**WORK INSTRUCTION:**
In the data below, begin at the line with "いつもは怒ることのない母の、" and stop after the line with "黒のイブニングドレスロングスカート女性 2023 新しいハイエンド気質セクシーな見事なフィッシュテールサスペンダードレス"; output those lines exactly and no pictures.

**DATASET RECORDS:**
***

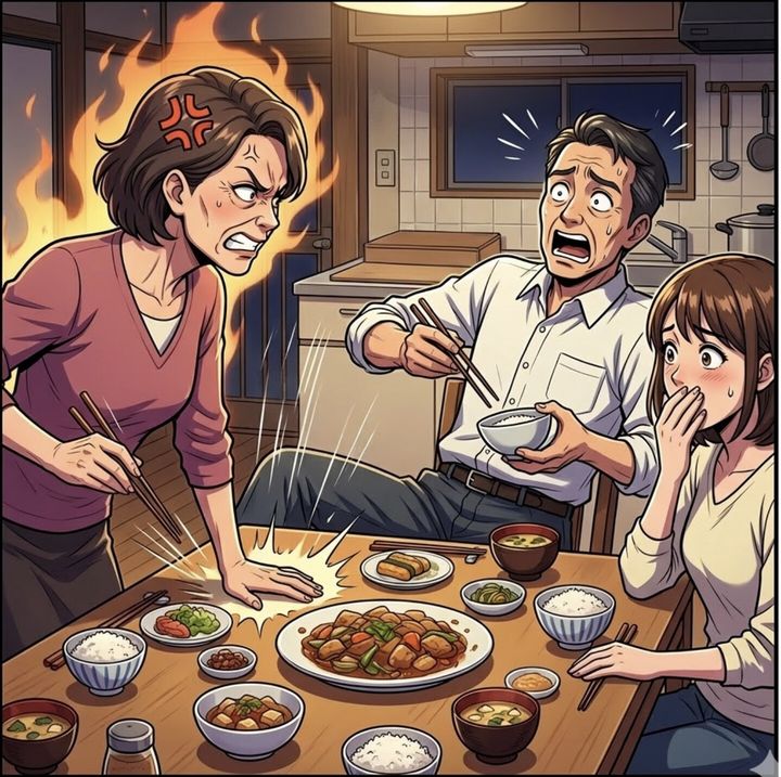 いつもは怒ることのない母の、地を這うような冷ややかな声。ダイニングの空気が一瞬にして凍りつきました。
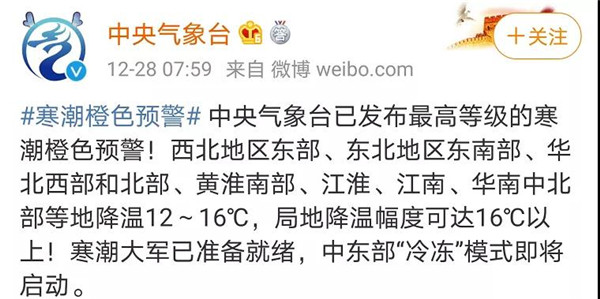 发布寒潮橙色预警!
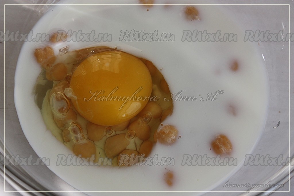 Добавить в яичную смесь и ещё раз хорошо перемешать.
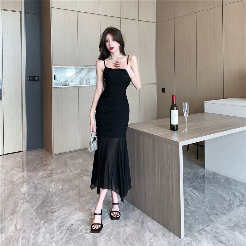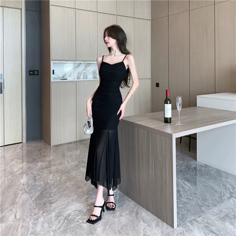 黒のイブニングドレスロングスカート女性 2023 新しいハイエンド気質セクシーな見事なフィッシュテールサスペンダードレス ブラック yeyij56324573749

***

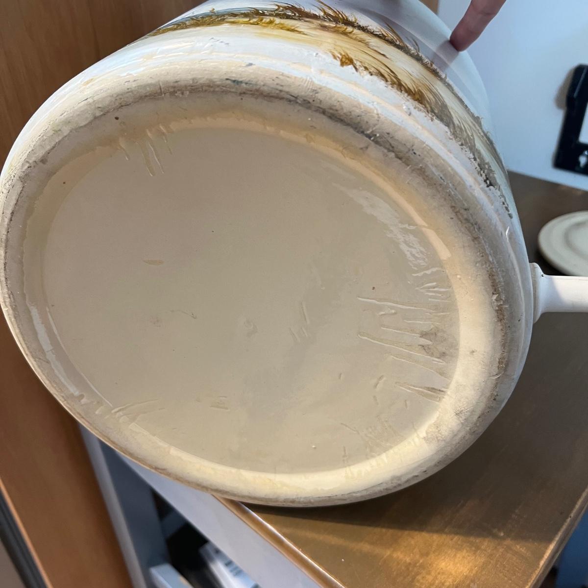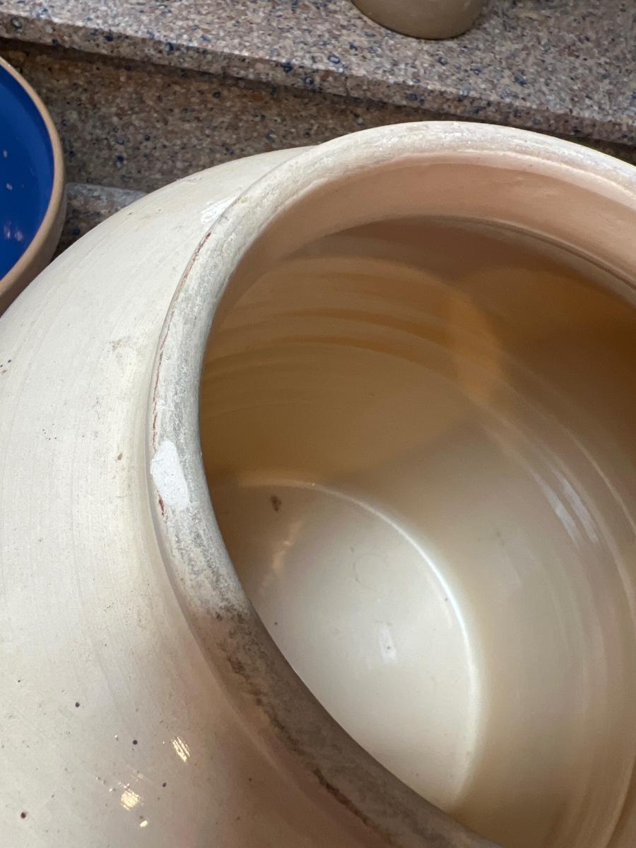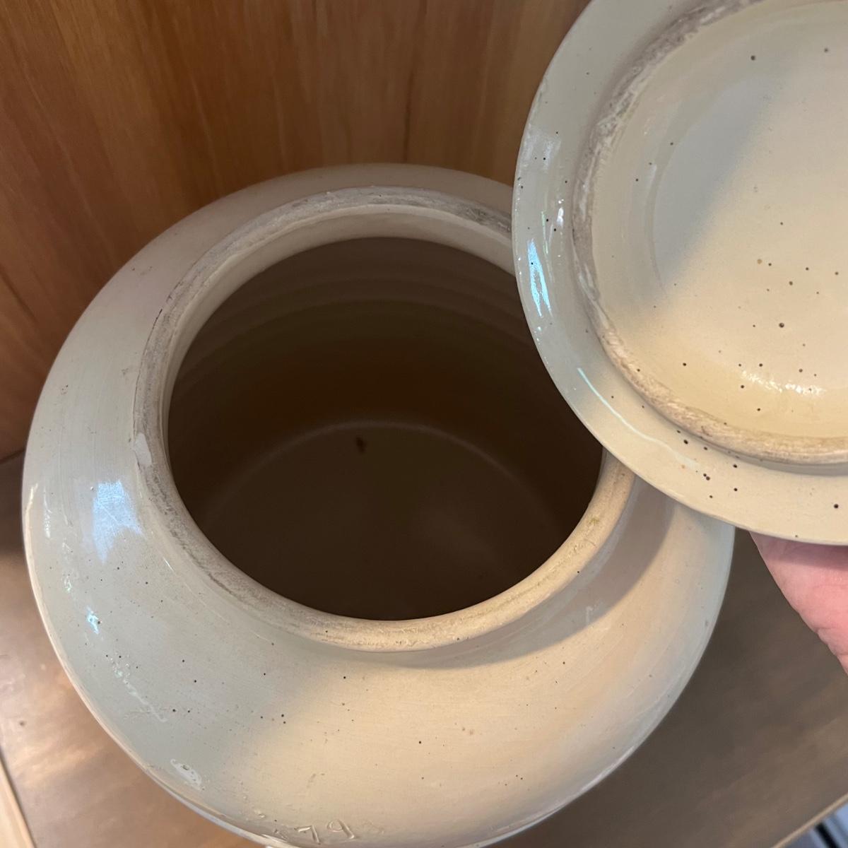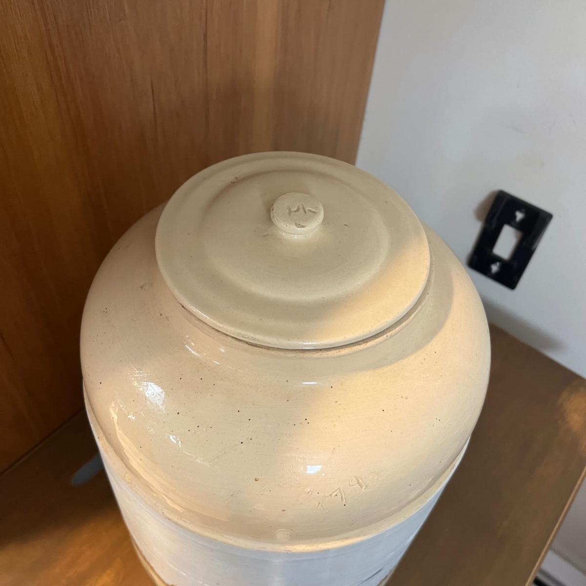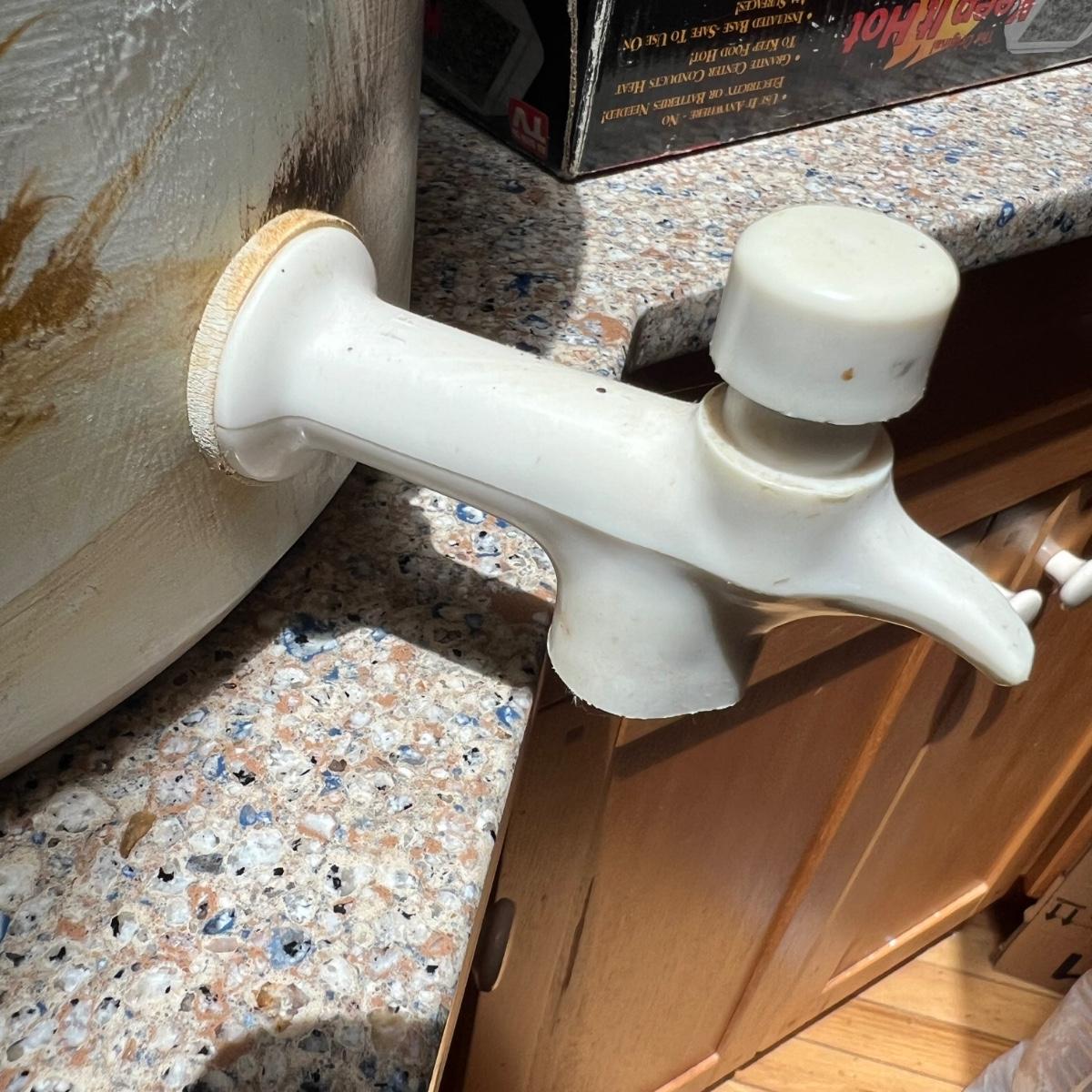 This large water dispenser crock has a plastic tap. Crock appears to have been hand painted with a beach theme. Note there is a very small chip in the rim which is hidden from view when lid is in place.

***

**OUTPUT FOR THIS TASK:**
 いつもは怒ることのない母の、地を這うような冷ややかな声。ダイニングの空気が一瞬にして凍りつきました。
 发布寒潮橙色预警!
 Добавить в яичную смесь и ещё раз хорошо перемешать.
 黒のイブニングドレスロングスカート女性 2023 新しいハイエンド気質セクシーな見事なフィッシュテールサスペンダードレス ブラック yeyij56324573749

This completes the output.